Shylock, el solitario

"Me ha arruinado... se ha reído de mis pérdidas y burlado de mis ganancias, ha afrentado a mi nación, ha desalentado a mis amigos y azuzado a mis enemigos. ¿Y cuál es su motivo? Que soy judío. ¿El judío no tiene ojos? ¿El judío no tiene manos, órganos, dimensiones, sentidos, afectos, pasiones? ¿No es alimentado con la misma comida y herido por las mismas armas, víctima de las mismas enfermedades y curado por los mismos medios, no tiene calor en verano y frío en invierno, como el cristiano? ¿Si lo pican, no sangra? ¿No se ríe si le hacen cosquillas? ¿Si nos envenenáis no morimos? ¿Si nos hacéis daño, no nos vengaremos?".
Por Diego Niemetz

“Ha desalentado a mis amigos y azuzado a mis enemigos”, dice Shylock casi al comienzo de su famoso monólogo en El mercader de Venecia. Se ha discutido una enormidad si Shakespeare era o no antisemita o si la representación del personaje judío es denigrante o si, por el contrario, es humana y compasiva. En principio, yo diría no fue ni una cosa ni la otra y que, sobre todo, a esta altura importa muy poco. En lo personal, tiendo a creer que Shakespeare no conoció nunca a un judío real y que solamente intentó crear un personaje complejo. Pero insisto: poco importa cuál fue la intención de Shakespeare, porque no hay cómo justificar las suposiciones que podamos hacer. El monólogo, en cambio, nos permite pensar la naturaleza del antisemitismo y fundamentalmente el mecanismo que lo sostiene, es decir, la esencialización de un grupo humano.

El texto comienza con una primera persona del singular, en la que Shylock habla de sus motivos personales para estar enojado: Shylock sostiene que ha sido injuriado y, sobre todo, se ha quedado sin amigos “¿y cuál es su motivo? Que soy judío”. Luego, el texto deriva hacia una serie de impersonales, que aparecen en tercera persona del singular y que giran en torno a observaciones generales, que tienen su eje en la conformación humana, en la naturaleza misma del sujeto: desde las necesidades fisiológicas (como el hambre), hasta las emociones; el objetivo del impersonal es demostrar que un judío es, por naturaleza, tan humano como cualquier otro hombre de la tierra.

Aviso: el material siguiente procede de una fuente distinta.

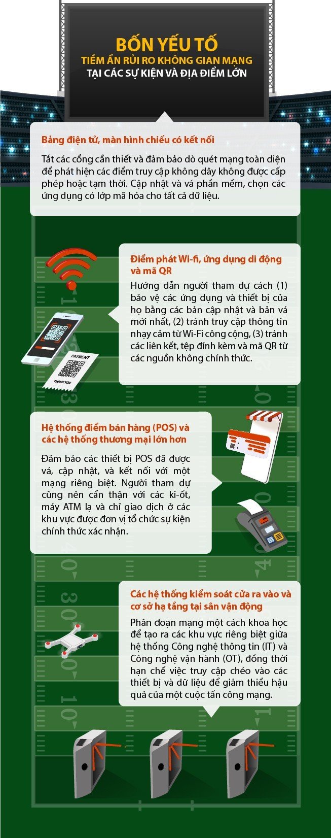 Các mối đe dọa an ninh mạng đối với các sự kiện và địa điểm lớn rất đa dạng và phức tạp, đòi hỏi sự cảnh giác và hợp tác giữa các bên liên quan để ngăn chặn và giảm thiểu ảnh hưởng. Với thị trường thể thao toàn cầu được định giá hơn 600 tỷ USD, các đội thể thao, các giải đấu lớn, các hiệp hội thể thao toàn cầu và cả khán giả là những nguồn dữ liệu quý giá mà tội phạm mạng mong muốn có được.

Pero sobre el final, cuando Shylock remata su intervención aparece un nosotros que es, por demás, fundamental. Si bien en el original la primera persona del plural se utiliza para las dos preguntas previas también, en la versión en castellano que copié más arriba, este uso se concentra solamente en dos que, independientemente de la aclaración anterior, son impresionantes: “¿si nos envenenáis no morimos? ¿Si nos hacéis daño, no nos vengaremos?”.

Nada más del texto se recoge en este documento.